I started writing stories as birthday presents for my next-door neighbor. When she turned six, I wrote about a pegasus and a unicorn and a magical mountain range. As she got older — and as I gained more experience — my stories became grander. Ancient prophecies and slumbering powers were pulled into play, and my characters were up against odds that they — that I — had never seen the likes of before. But I kept writing, and though I didn’t always have time to polish the stories I wrote for my neighbor, she still enjoyed them. And, for the past couple of years, whenever my birthday rolls around, she comes over with a story for me.

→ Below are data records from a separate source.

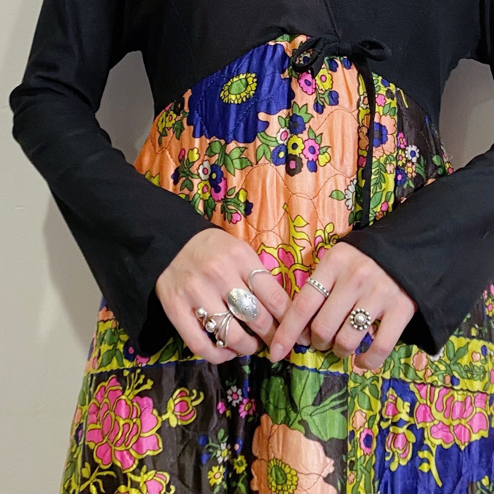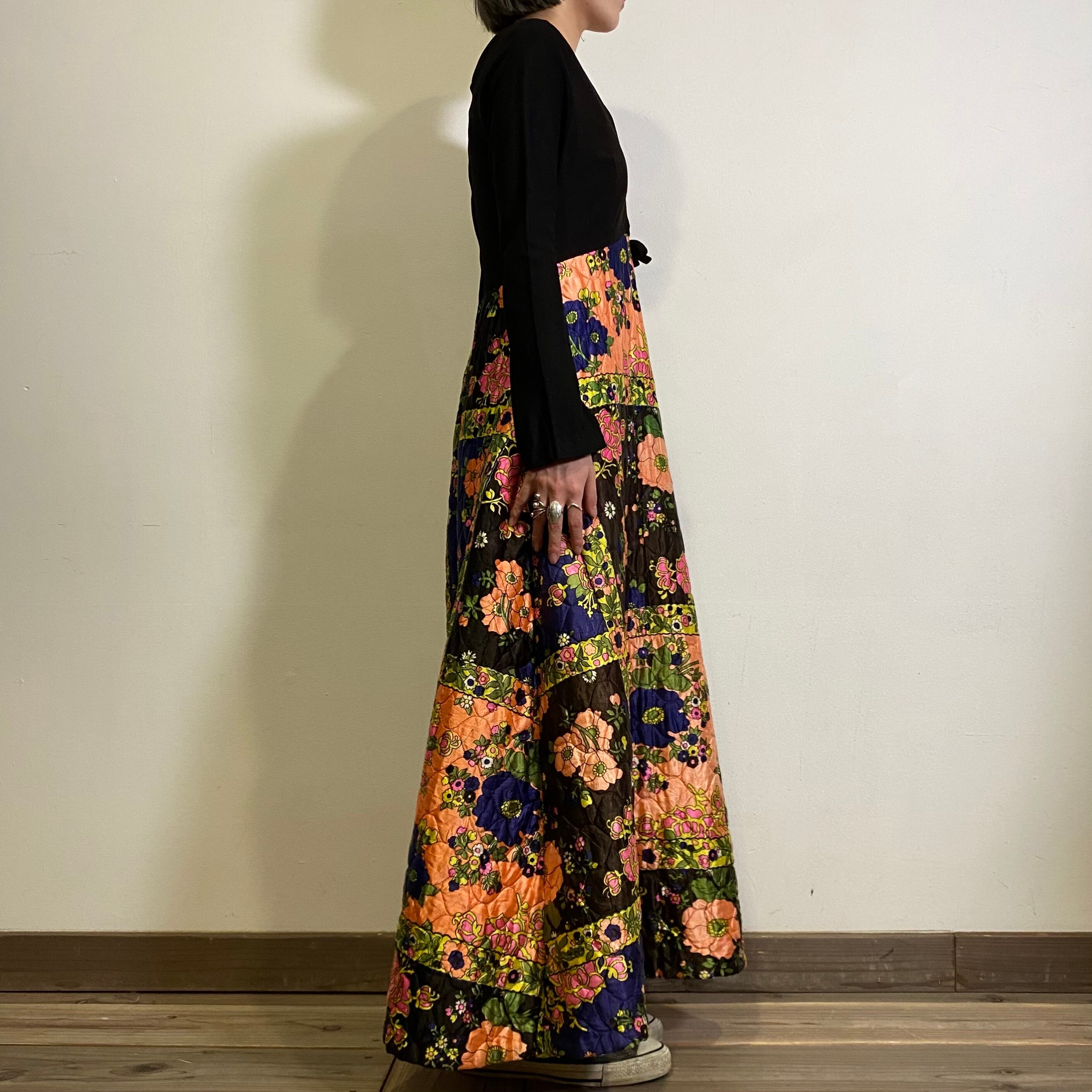 サテン地のキルティングスカート部分がとっておきに可愛い60年代のワンピースです。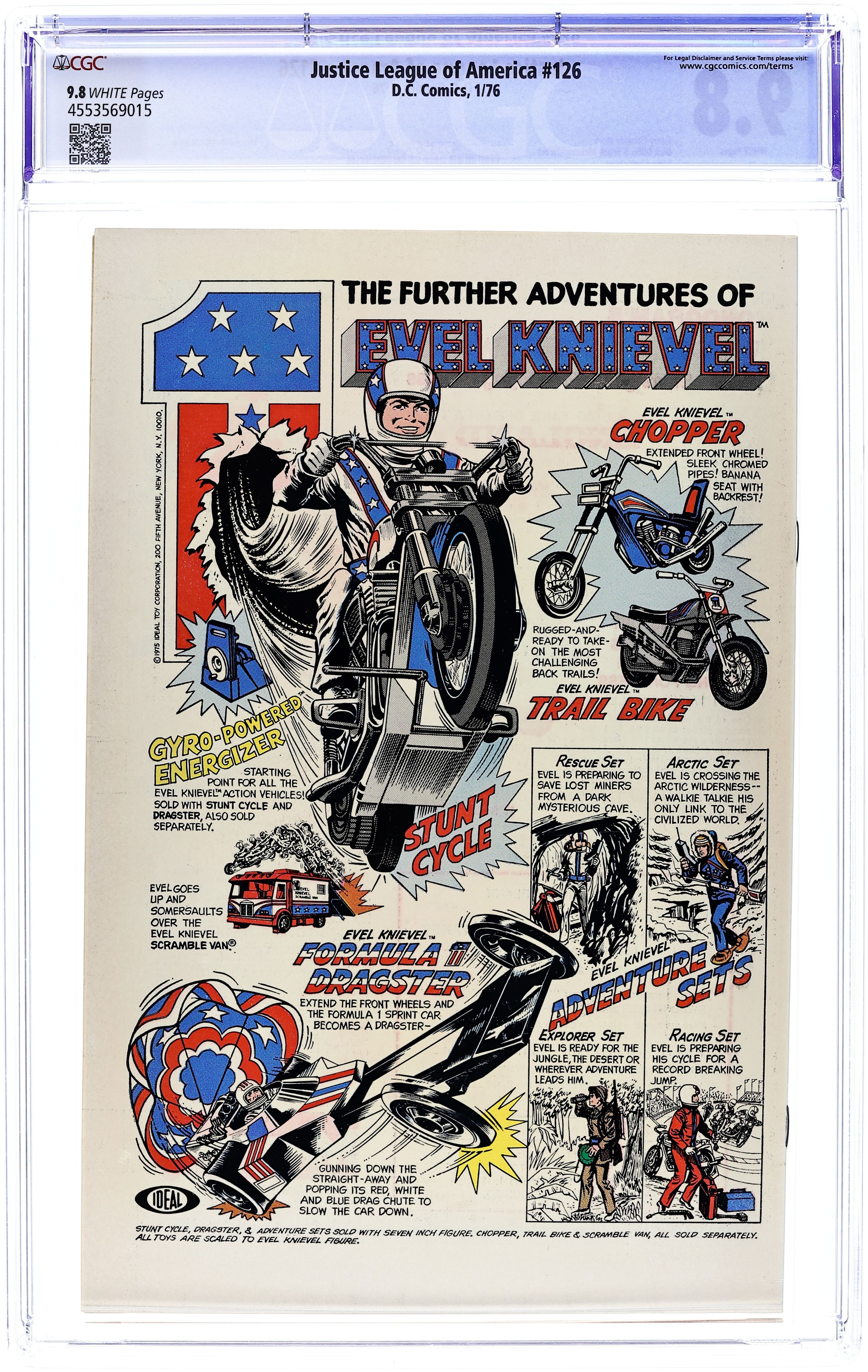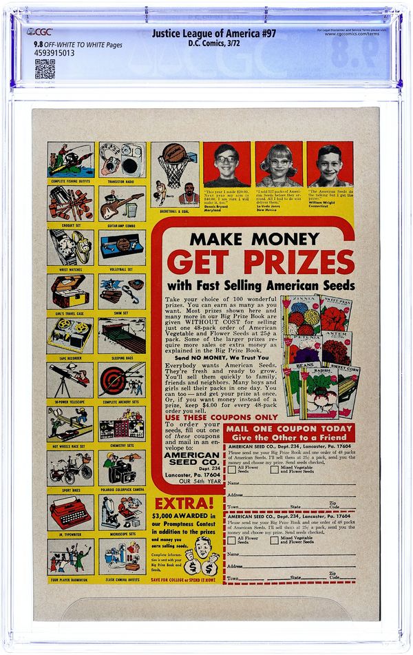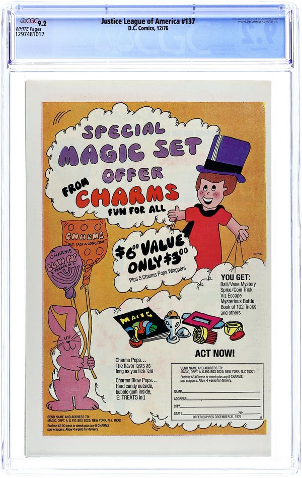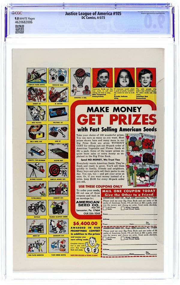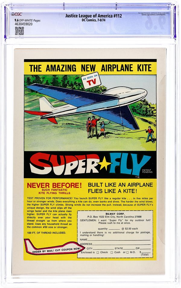 100-page giant issue. Cover art by Nick Cardy. War with the One-Man Justice League!, script by Len Wein, pencils by Dick Dillin, inks by Dick Giordano; The Justice League has lost some of their powers and frees Amazo to gather the powers unto himself, and thereafter transfer their powers back to the JLA members using a machine. Amazo and His Creator, script by Martin Pasko, pencils by Mike Sekowsky and Carmine Infantino, inks by Bernard Sachs, Joe Giella, and Sid Greene. Beware! The Black Star Shines! starring the Seven Soldiers of Victory, art by Jon Smalle. The Case of the Twisted Twins! starring the Crimson Avenger, art by Jack Lehti. The Sixty Kiddie Club! starring Vigilante, script by Bill Finger, art by Mort Meskin. The Origin of Starman article by Julius Schwartz. Starman's Lucky Star!, script by Gardner Fox, pencils by Mort Meskin, inks by George Roussos. The Super-Exiles of Earth! starring the Justice League of America, script by Gardner Fox, pencils by Mike Sekowsky, inks by Bernard Sachs. 100 pgs. $0.60. Cover price $0.60.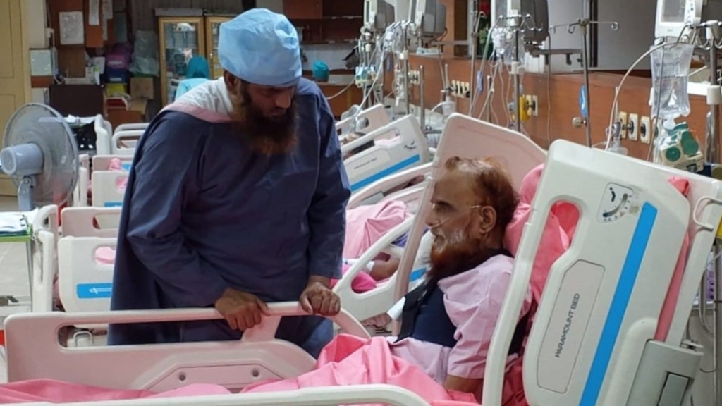 অসুস্থ মাওলানা তাফাজ্জল হক আজিজকে হাসপাতালে দেখতে ইবনে শাইখুল হাদীস
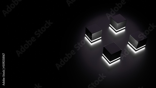 Abstract background with four cubes on a black floor. Copy space for text. 3D rendering.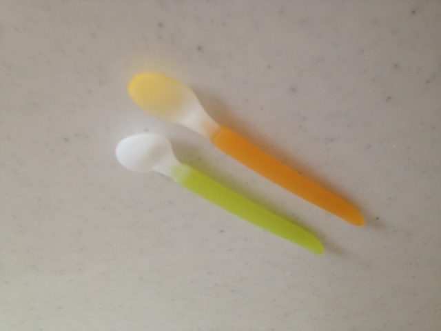 (柄の黄色いスプーンが調理した方。本来はさきっちょが緑のものと同じ色だった)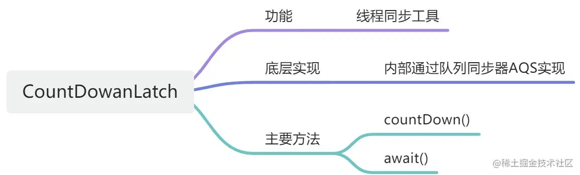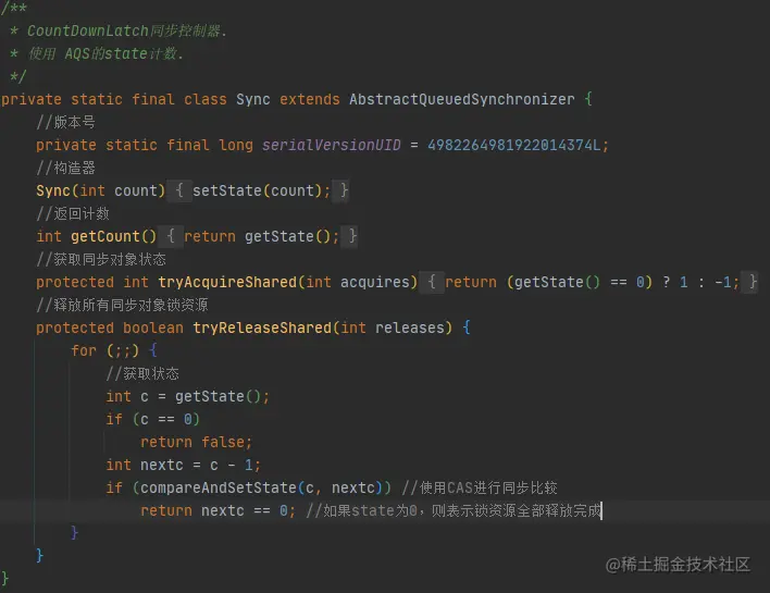 CountDownLatch内部定义了一个静态类Sync继承于队列同步器AbstractQueuedSynchronizer(简称AQS),AQS是用来构建同步锁的基本框架,它内部使用一个Int类型的state表示同步状态、,通过内置的FIFO队列来完成资源获取的线程的排队工作。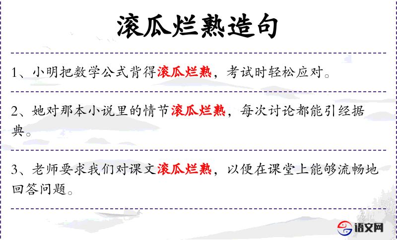 4. 【滚瓜烂熟】 - 象从瓜蔓上掉下来的瓜那样熟。形容读书或背书流利纯熟。
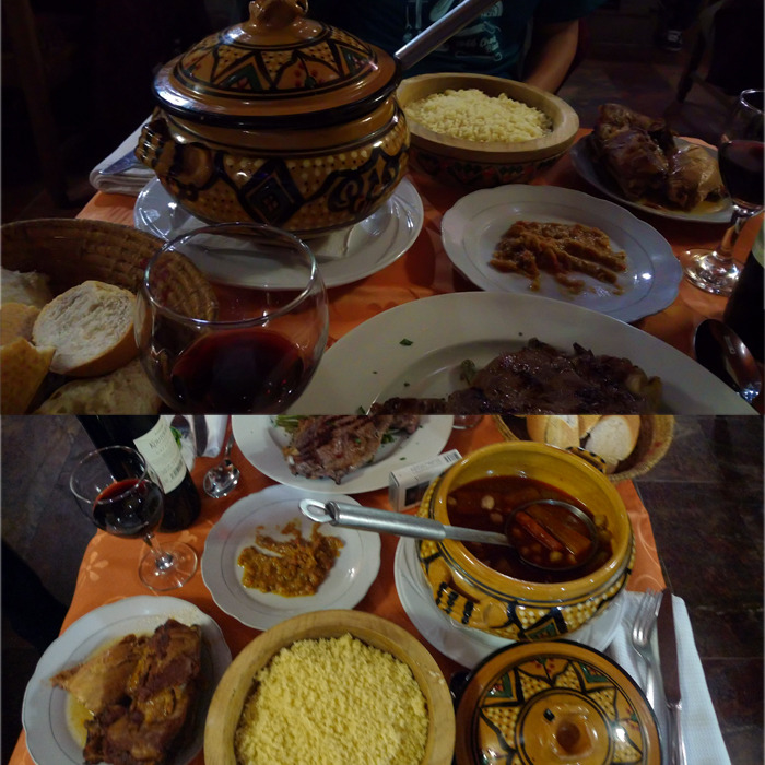 북아프리카 전통음식 쿠스쿠스. 좁쌀밥에 고기와 각종 야채를 푹 끓인 스튜를 말아 먹는다. 알제리의 피에누아르들에 의해 유럽의 인기메뉴가 되었다고. 양고기쿠스쿠스를 시켰더니 스튜 속에 커다란 양갈비가! 좁쌀이 뱃속에서 불어나므로 과식은 금물!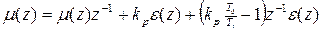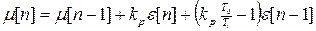 Переписавши у відносному часі, отримаємо рекурентне рівняння ПІ-регулятора з інтегруванням за методом відстаючих прямокутників: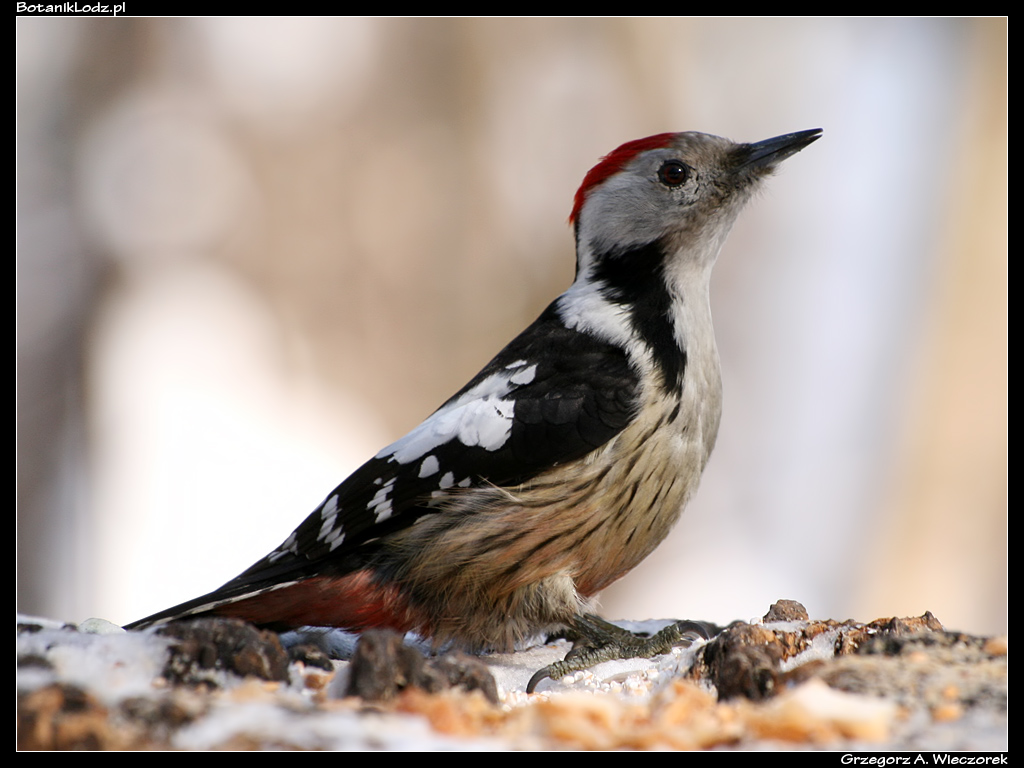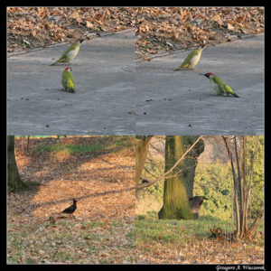 Co jeszcze udało mi się odnaleźć? Przede wszystkim dzięcioły. W Botaniku bardzo popularny jest dzięcioł zielony (Picus viridis), który często buszuje w trawie, biega po alejkach i nie jest przesadnie płochliwy. Dwa bardziej związane z drzewami gatunki – dzięcioł średni (Dendrocoptes medius) oraz dzięcioł duży (Dendrocopos major) – są trudniejsze do obserwowania. Dają znać o sobie przede wszystkim bębnieniem w drzewo. Kierując się tym odgłosem można spróbować zlokalizować je optycznie. Rzadko schodzą niżej, ale karmniki w czasie zimy są dobrym miejscem na zrobienie im zdjęcia. Wreszcie największy gatunek – dzięcioł czarny (Dryocopus martius). Ubarwiony w całości na czarno, z czerwoną czapeczką, jest bardzo łatwy do identyfikacji. W Ogrodzie widziałem go może z dwa razy w życiu, w jednym przypadku udało się zrobić słabe zdjęcia z daleka.

During those middle school years, I didn’t just write prose, either. I wrote book reports, and kept a diary, and had fun with poetry. And, of course, I attended workshops at 826michigan. The workshops are wonderful because they are always short and sweet — the longest one I attended lasted maybe two hours — and, over the years, they managed to cover a huge variety of writing topics. From experimenting with different styles of poetry to learning different ways to outline a story to studying and reinterpreting creation myths to — once — writing and acting in an infomercial, the workshops I attended were never boring and always thoroughly enjoyable. In one, we made signs and went out to protest against nothing at all. In another, we wrote the script for a play that we later performed at 826michigan’s first ever 24-Hour Theater event. And, in yet another, my friend and I donned our Journalism Hats and went out into the world to find article topics for 826’s student-run newspaper, which ended production around 2008.
Now, I get to go to the 826 headquarters — cleverly disguised behind the Liberty Street Robot Supply & Repair — every Wednesday to meet with a group of other young writers. For an hour and a half we critique one another’s work — well, if we manage to stay on-topic — and we give each other feedback and suggestions about how a piece could be improved. Through the group, which is known as Story Problems, I’ve learned about grammatical things like the dangling metaphor and the overuse of adverbs in pop lit. (Twilight, anyone?)
But the most important thing that Story Problems has taught me is that my stories are okay. They’re half-decent, even. They can stand on their own — well, for the most part — and they’re enjoyable for other people to read. It’s fun for others to follow my characters through their adventures, fun for the readers to watch the world and the story unfold. Maybe even as much fun as it is for me, the first time I put those words down on the page and see the story open up around me.
Susan LaMoreaux is a junior at Community High School and an aspiring young writer. She has lived in Ann Arbor all of her life, and has been involved with 826michigan since before LSRS&R even existed. As mentioned above, she is currently a member of Story Problems. Aside from writing, Susan enjoys drawing, painting, and sewing, and recently managed to complete her first quilt.